The horizontal conveyor belt is often referred to as the "great ocean conveyor belt." It starts at the tropics and moves the warm water layer on the surface from the equator to the poles and returns the cold and salty current at the bottom of the ocean back toward the equator (Figure 3). This conveyor slowly (in years to decades) turns over the water in the entire ocean, from top to bottom.

Surface currents, such as the Gulf Stream warmed Europe and the east coast of the United States as it moves north, where near Greenland it gets cold and heavy enough to sink and return to the tropics as a gigantic cold and salty stream at the bottom of the ocean. It is my view, that the various global warming models should (but do not) fully consider the changes in the flow rates of these currents because they have a growing and large impact on the heat balance of the oceans. They not only regulate global climate, but also their mixing effect supports the life of marine ecosystems which supply a substantial portion of the world's food. Their mixing effects also control how heat, carbon, nutrients, and dissolved gasses are exchanged between the upper and lower layers of the ocean and when they slow. This effect diminishes and global warmings rises.

In case of the Gulf Stream, as the low-density water generated by the melting on Greenland mixes with the higher density Gulf Stream, it reduces the density and therefore the flow rate of sinking of the mixed cold and salty waters.

As the ocean's conveyor belts slow, the surface temperature and global warming rise because less heat is conveyed into the lower layers. Because of the reduced mixing, less food is supplied to the algae, which under the protection of corals perform the photosynthesis (splits the water using solar energy and produces sugar from the hydrogen and CO2 while generating much of the oxygen on earth).
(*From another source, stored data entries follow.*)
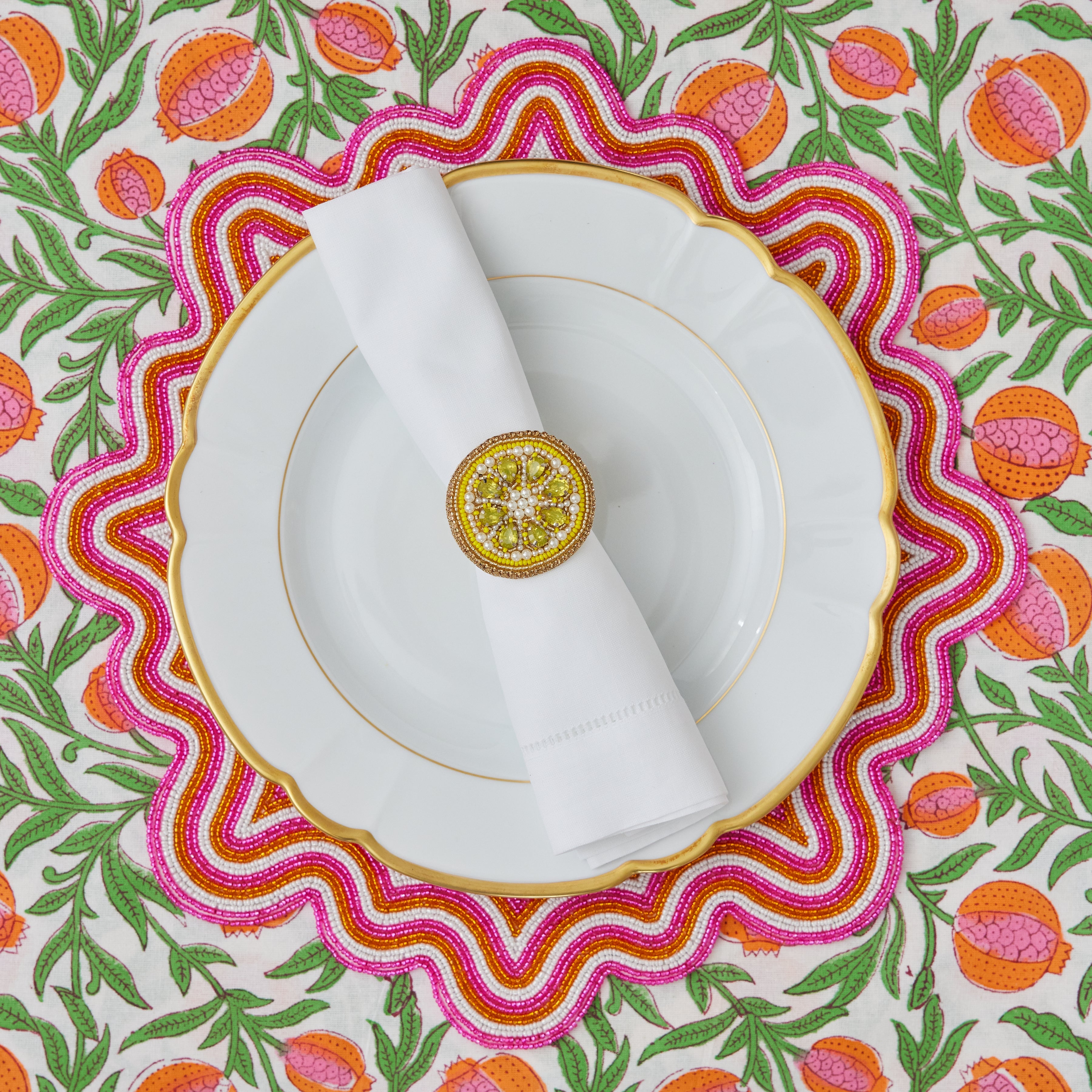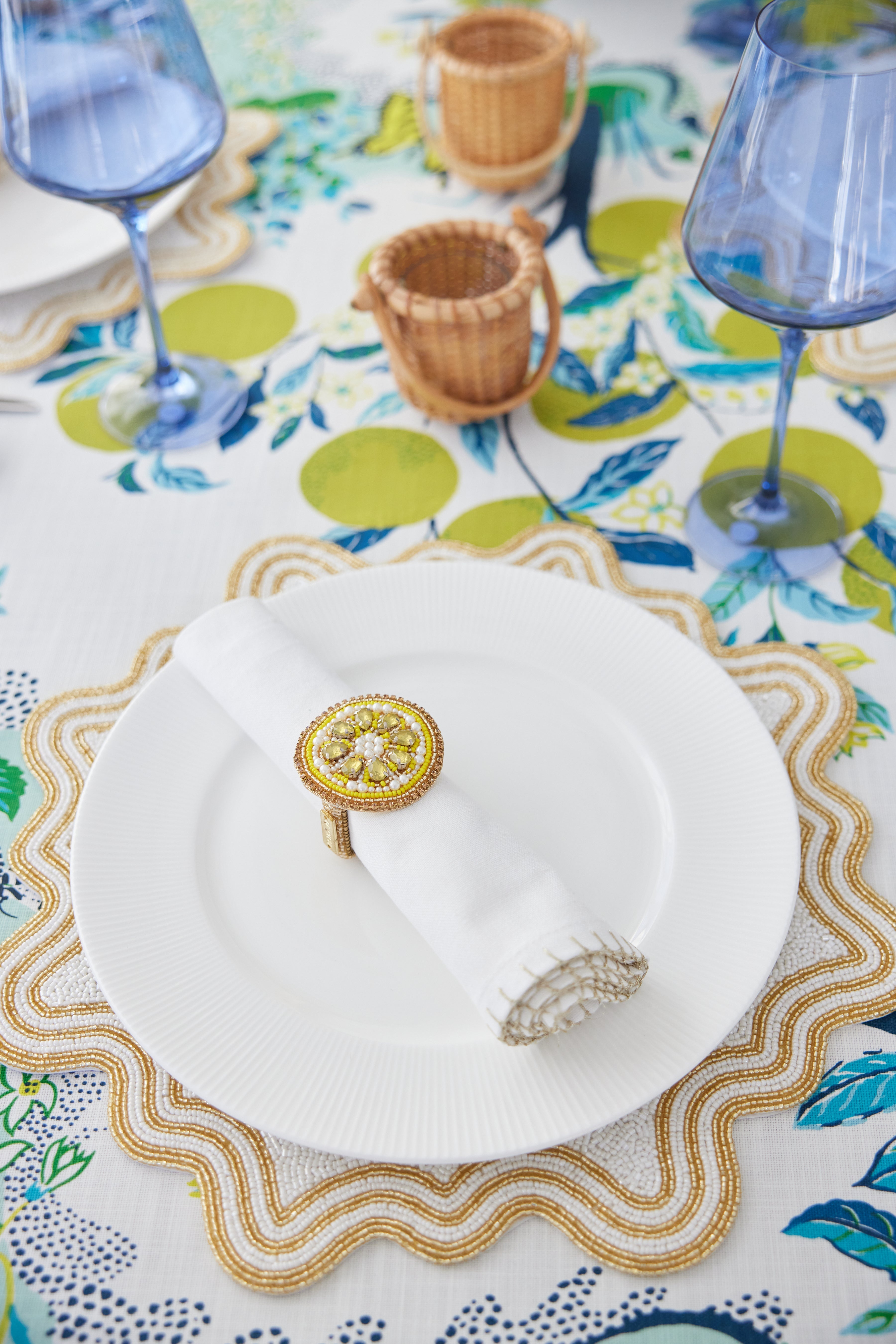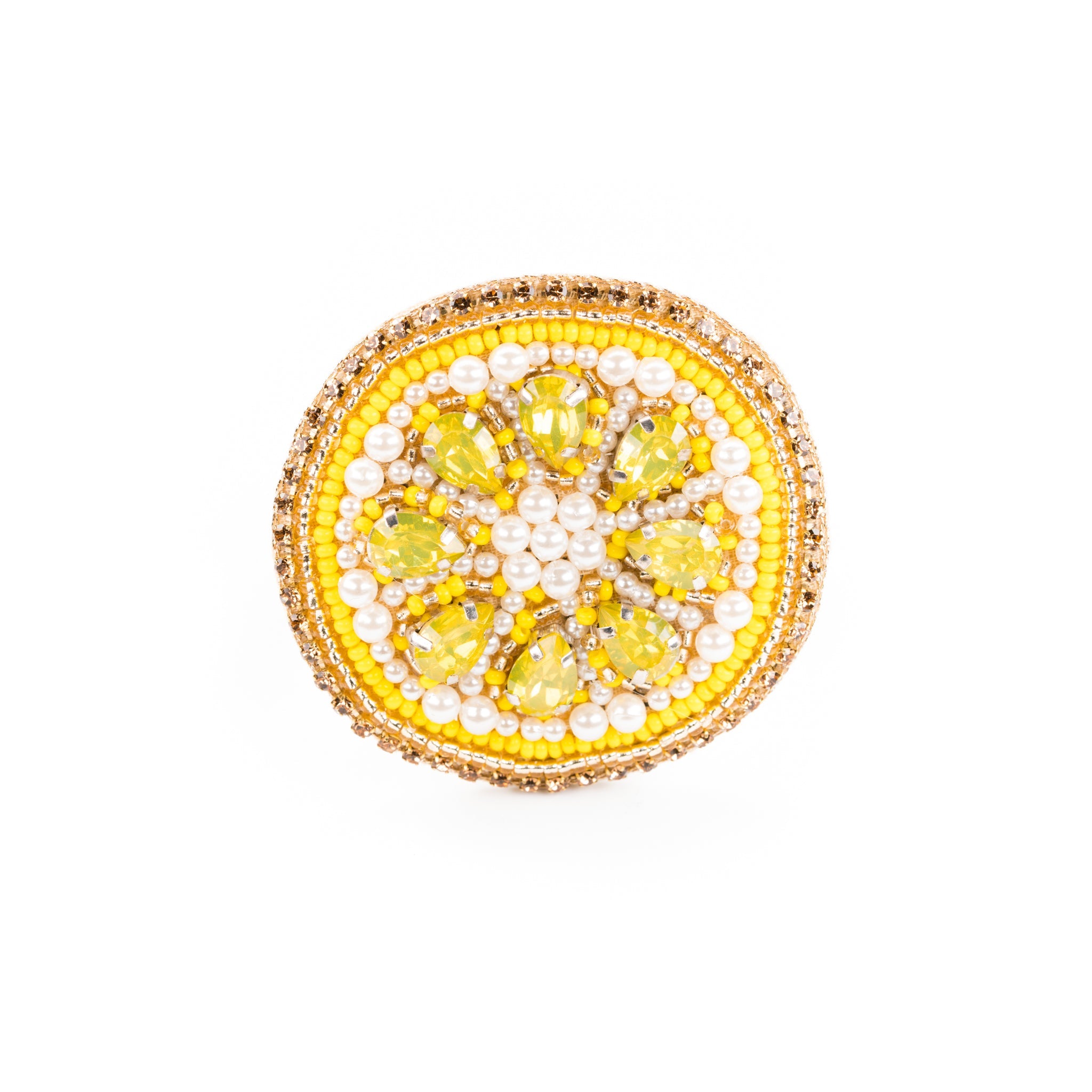 Our Lemon Slice napkin ring features a combination of bead embroidery, rhinestones and pearls.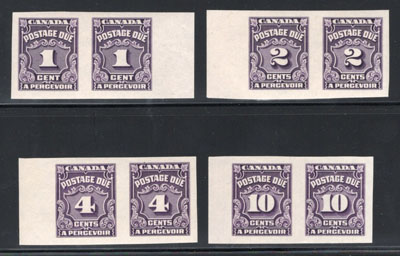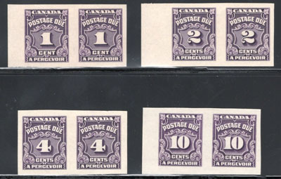 1935 1c, 2c, 4c and 10c Dark Violet Postage Due Imperforates, a complete set, as these were the only values issued imperforate, all four values in a mint lightly hinged horizontal pair, three have sheet margins at left, very fine. (Image)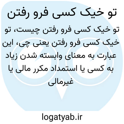 این عبارت به معنای وابسته شدن زیاد به کسی یا استمداد مکرر مالی یا غیرمالی از او است. "خیک" به کیسهای اشاره دارد که مردم برای حمل پول یا اشیاء به کار میبرند و "فرو رفتن در خیک" یعنی به طور مکرر از پول یا منابع کسی استفاده کردن.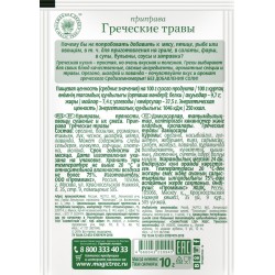Grieķu garšaugi ir piemēroti Vidusjūras reģiona ēdieniem, dārzeņu ēdieniem, mājputniem un gaļai. Viņi arī atklās "slēgto pīrāgu" un citu konditorejas izstrādājumu garšu. Rūpīgi izvēlētas izejvielas garantē produkta kvalitāti. Kompozīcijā ir lavanda - karaliskais augs, tā smalkā smarža atgādina grieķu virtuvi.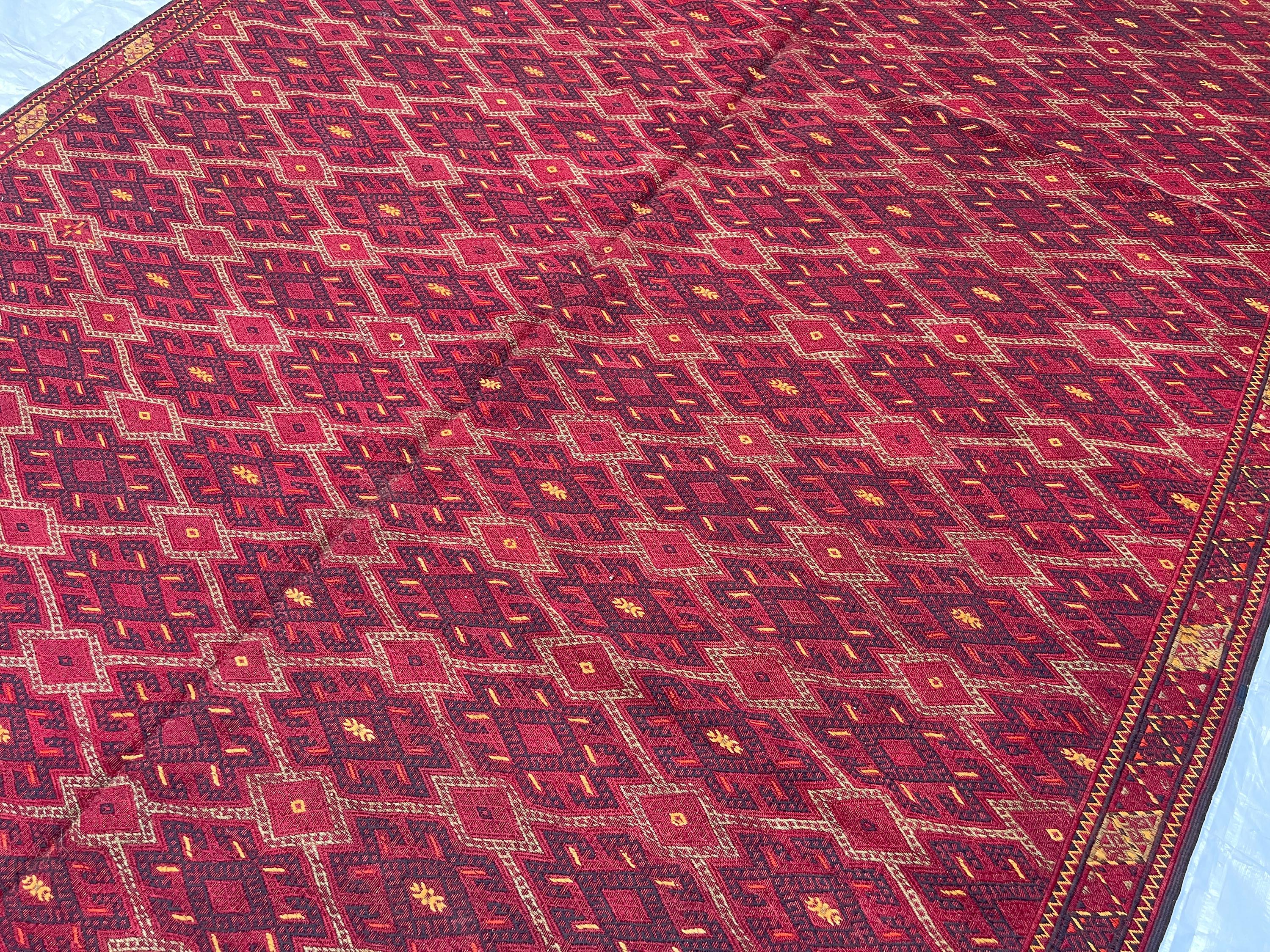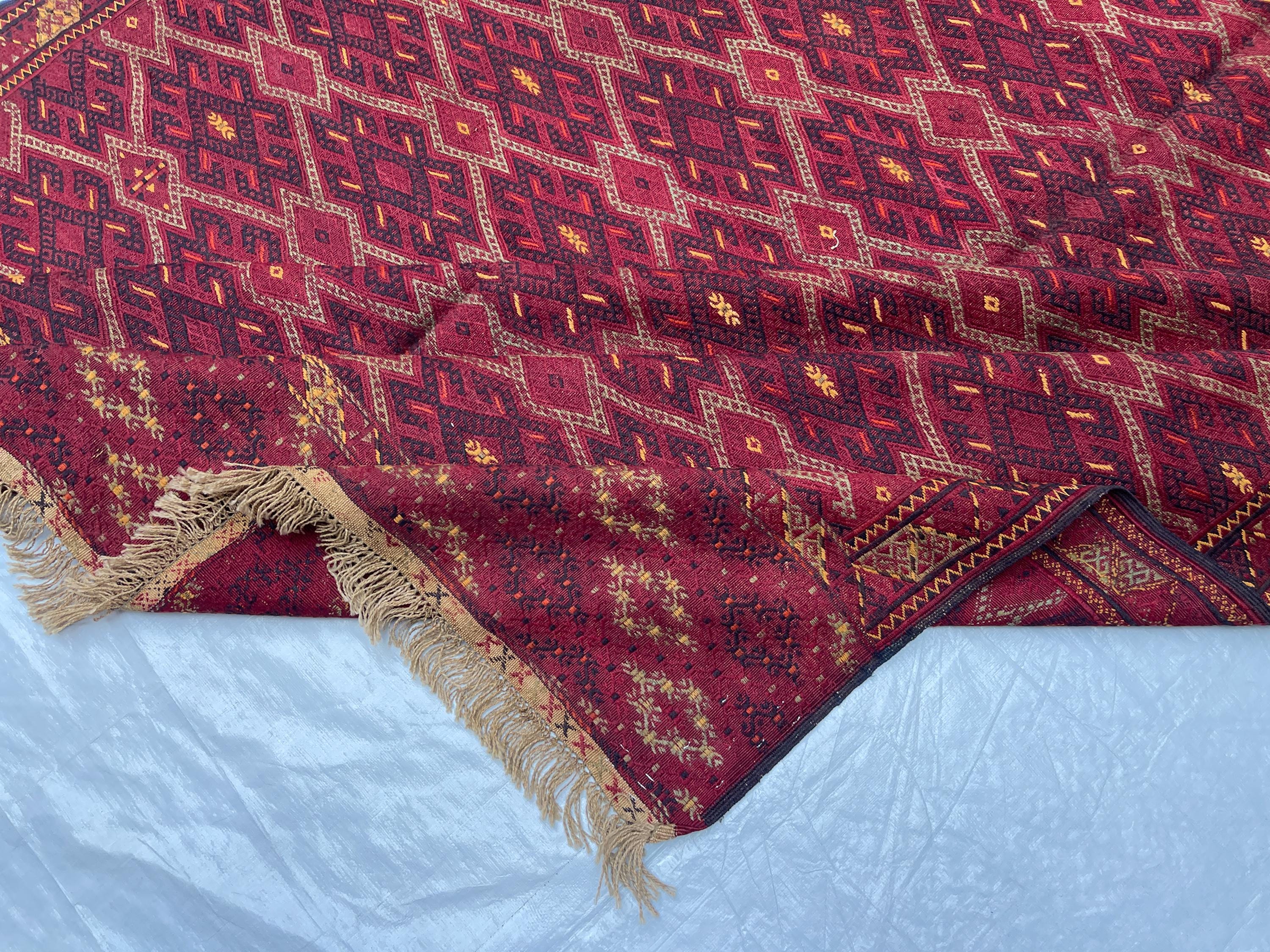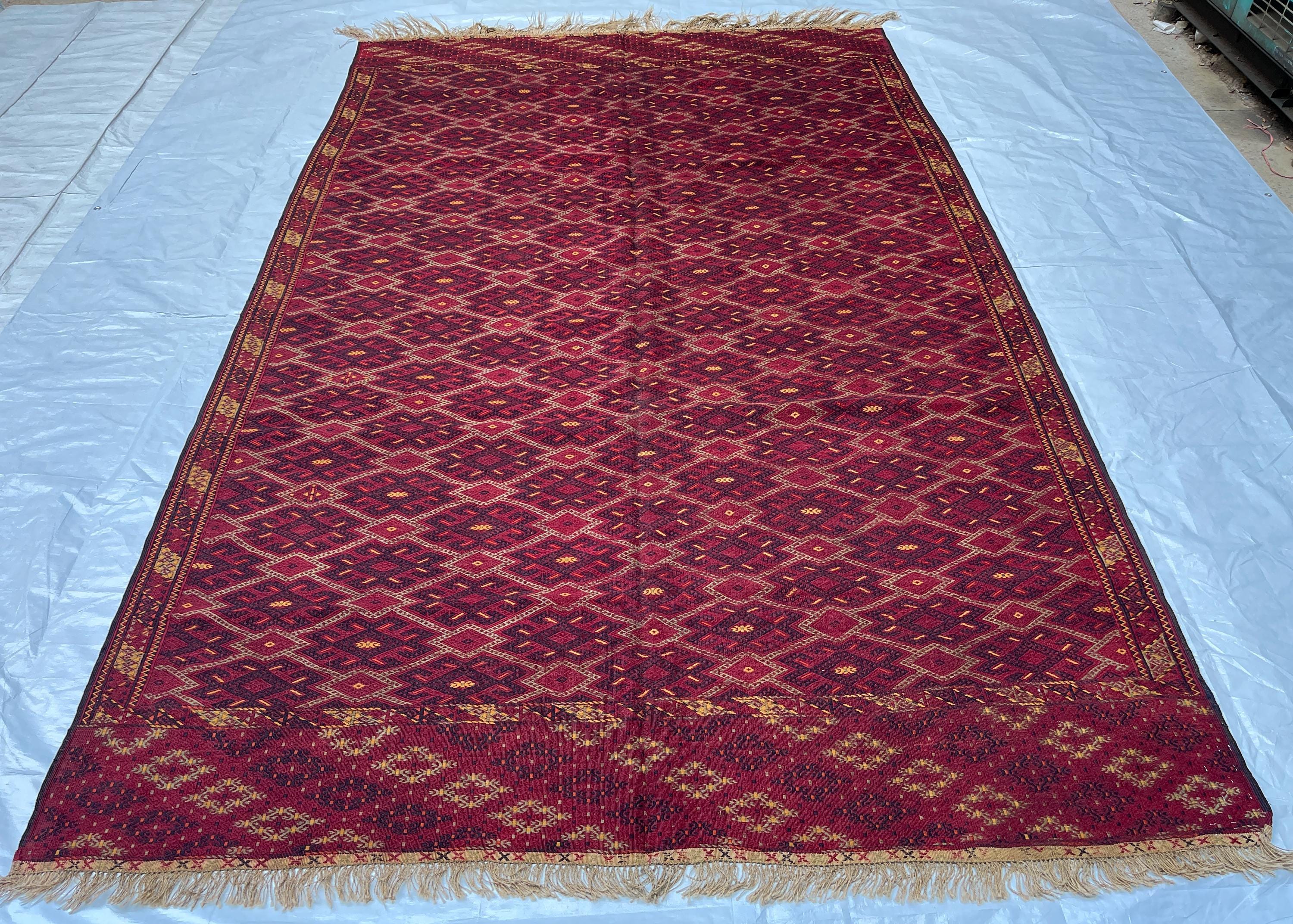 7x11 ft Antique 1950s Central Asian Turkmenistan Yamut Soumak Kilim Rug - Genuine Turkmen Bukhara Handmade Wool 7.5x11.10 ft - 225x360 cm

In the past, the ocean absorbed over one-quarter of the CO2 emitted, but as the water temperature rises the solubility of CO2 drops and the resulting "degassing" further increases the CO2 content of the air. In addition, the basic chemistry of the oceans is changing fast because the emissions during the industrial age made the water 30% more acidic. As a consequence, the coral reefs die and that destroys the healthy habitat that previously supplied food and protection to millions of plant and animal species. Based on all this, I believe that if global warming continues as it does today, the oceans soon will become too warm for coral reefs to survive.

The conclusion of my process control analysis is that the majority of global warming projection models is excessively optimistic because they do not sufficiently consider the yet to be triggered the oceanic processes. It also because they do not realize that the inertia of the oceanic processes will continue to increase global warming even after greenhouse gas emission neutrality is achieved.